Characteristics of an Internal Dielectric Barrier Discharge Plasma-induced Blowing Device

This paper investigates the blowing characteristics of internal dielectric barrier discharge (IDBD) plasma actuators and their application in the flow control field. The effects of different internal channel parameters and the number of actuators on the performance of the IDBD plasma exciter are evaluated using PIV experiments. The results show that the internal actuators are effective in generating blowing with a certain kinetic energy at the outlet, with a velocity of up to 1.5 m/s. The blowing characteristics are significantly affected by the channel height (H) and outlet length (L).
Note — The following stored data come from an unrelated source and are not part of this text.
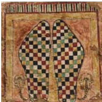
Cartonnage Mummy Case (detail), c. 50 BC–AD 50. Egypt. Gift of the John Huntington Art and Polychrome Trust 1914.715

This artist mimics the spiral pattern of a nautilus shell, where the radius of each chamber grows at a rate determined by a specific proportion to the previous one. The Fibonacci Sequence can be used to measure spiral patterns such as this. Named for Leonardo de Pisa (known as Fibonacci) in the 13th century, this sequence of numbers was also recorded in ancient Indian mathematics.
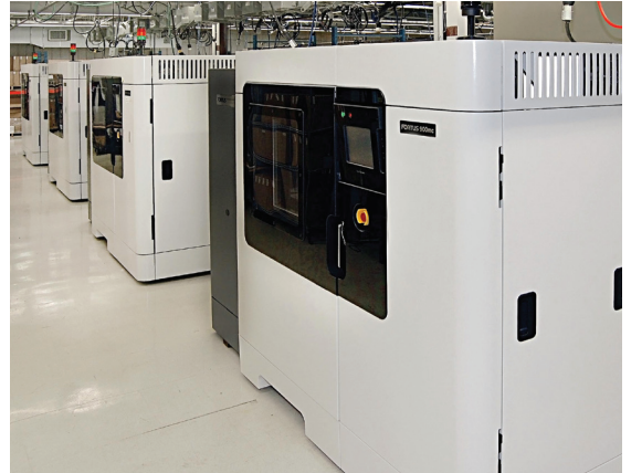
Fortus 3D Printers on a factory floor.

When it comes to measurement applications, PolyJet Tango™, a rubber-like material, is used to avoid scratches when measuring door gaps during assembly.
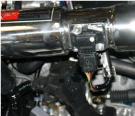
Close up of the air mass sensor connected to the machined adapter and the harness has been secured to the sensor.
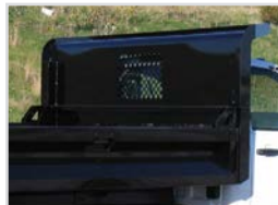
Straight Quarter Cab Protector
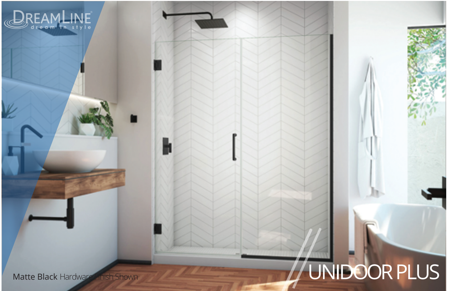
Matte Black Hardware Finish Shown
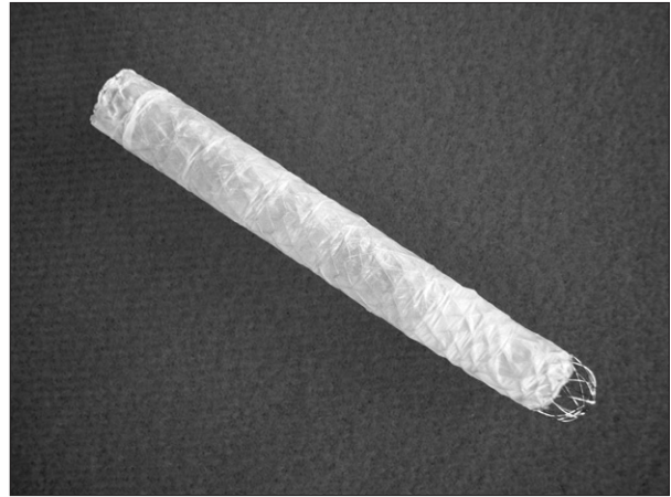
Fig. 4. A retrievable polytetrafluoroethylene-covered, self-expandable metal stent with a ball-tipped distal end.

We decided to use a FC-SEMS for the treatment of the sus-
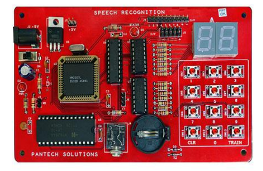
Fig: 3.1 – Speech Recognition Kit

It is a single chip CMOS voice recognition LSI circuit with on-chip analog front end, voice analysis, voice recognition process and sound control functions. An intelligent recognition system can be built using a 40 isolated –word voice recognition system is composed of external microphone, keyboard, 64K SRAM and other components combined with the microprocessor.
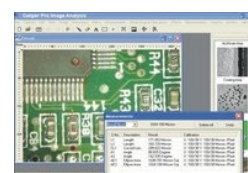
Image Analysis Software- Caliper Pro

Deflection of the channel inlet or outlet introduces more possibilities for the installation of IDBD plasma actuators, albeit with a loss of about 15% of the kinetic energy of the blowing. With a modulated wave setup, the plasma actuator allows for unsteady blowing and generates frequency-controllable vortices, providing new possibilities for active control of frequency-specific wake streams. In addition, the flow control performance of the IDBD plasma actuator is demonstrated in the wake of a plate with a blunt trailing edge (TE), confirming the actuator's ability to alter the flow pattern and reduce the characteristic frequency. Despite the limitations of actuators in energy efficiency, the IDBD plasma actuator still shows great potential for flow control while increasing resistance to environmental effects.